Steniging, terroristen en psychologie

HUMAN

Door de extreme weersomstandigheden kwamen enkele gasten niet opdagen en moesten een aangepast programma geïmproviseerd worden. Vooral met het onderwerp – tien psychologische studies uit 2010 hebben wij ons vermaakt. Hieronder volgt wat ik toch nog op religieus gebied voor u in petto had.

Toto, We’re Not in Cannes Anymore

Bekend is de anekdote over het toneelstuk van Anne Franks Achterhuis. Anne houdt zich verborgen, terwijl de Duitsers een inval doen. Terwijl zij een het huis doorzoeken, roept iemand uit de zaal: “Ze zit daarachter!”

Dat niet iedereen dezelfde beleving heeft bij het zien van een tragedie ondervond de journaliste Ruth Franklin. Ze zag in Cannes de film Badis, die gaat over de steniging van een moslimvrouw. Velen werd het teveel en zij wisten niet hoe zij het einde van de film moesten halen.

Badis

Later zag Ruth Franklin van de The New Republic de film terug op het filmfestival van Marrekech. Hier werd Badis heel anders beleefd. Men kwam echt voor het einde.
Er werd zelfs gejuicht toen aan de steniging werd begonnen. Dit is het verslag van Franklin.
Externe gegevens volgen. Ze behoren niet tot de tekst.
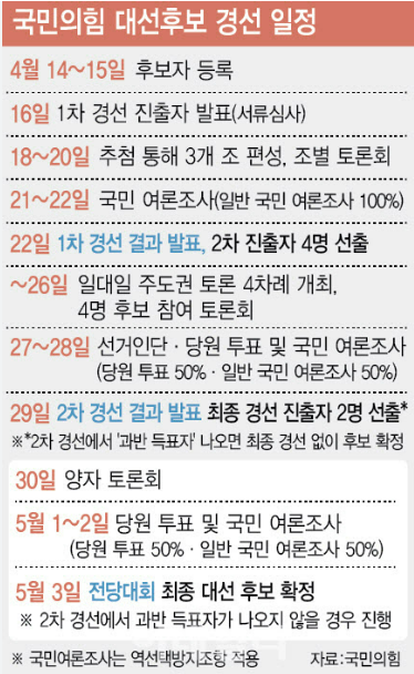 → 결과 발표: 4월 29일 - 최종 경선 (5월 1~2일)
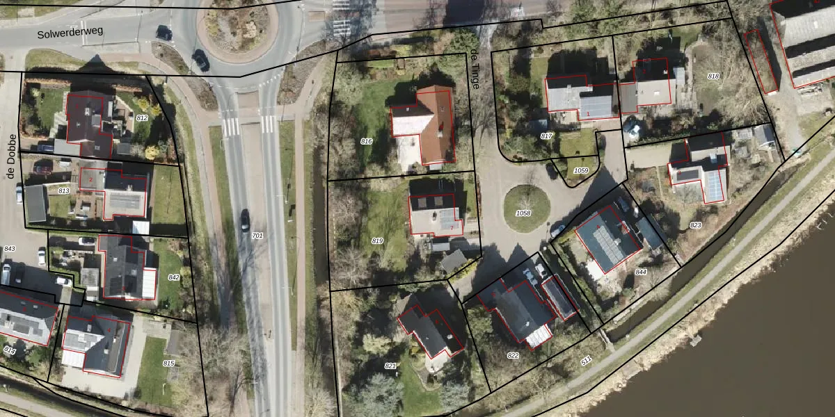 Gebruik de zoekbalk of klik op een perceel voor informatie over de adressen binnen dit perceel.

Last week, I attended the Marrakech Film Festival. I had never been to a film festival before, but the experience was in some ways no different from what I had imagined about Cannes or Sundance, albeit with a somewhat lower glamour quotient. The opening gala, complete with red carpet and paparazzi, was staged in a swanky convention hall surrounded by five-star hotels.

The requisite stars made appearances: Jury chairman John Malkovich spoke acceptable French to his TV interviewer, while Keanu Reeves, displaying some alarming facial hair, didn’t bother to try. Some of the stars may have toned down their usual style of dress in deference to their Arab hosts (the festival was sponsored by Morocco’s king, Mohammed VI, whose patronage was gratefully and frequently invoked): Marion Cotillard partially obscured her décolletage with feathers, and Susan Sarandon went so far as to wear long sleeves. But Eva Mendes strutted for the photographers on opening night in a backless lavender gown, and later appeared in an above-the-knee strapless concoction.

The festival had an international (if largely French) orientation, but one of its goals was clearly to highlight the indigenous Moroccan film-making community. Among the actors and directors being celebrated was the Moroccan film-maker Mohamed Abderrahman Tazi, whose work I wasn’t familiar with. While other festival guests, together with the stars on the jury, were watching competition films in a vast auditorium, I attended a screening of Tazi’s 1989 film Badis in a smaller hall downstairs, sparsely filled with a mainly Arab audience. This remarkable film takes place in the year 1974 in the fishing village of its title, located on Morocco’s northern coast. The village has only one distinction: It was part of Morocco’s Spanish colony, and the Spanish army maintained a small base there, evidenced mainly by the presence of a single soldier tasked with crossing the village each morning to draw water from its well.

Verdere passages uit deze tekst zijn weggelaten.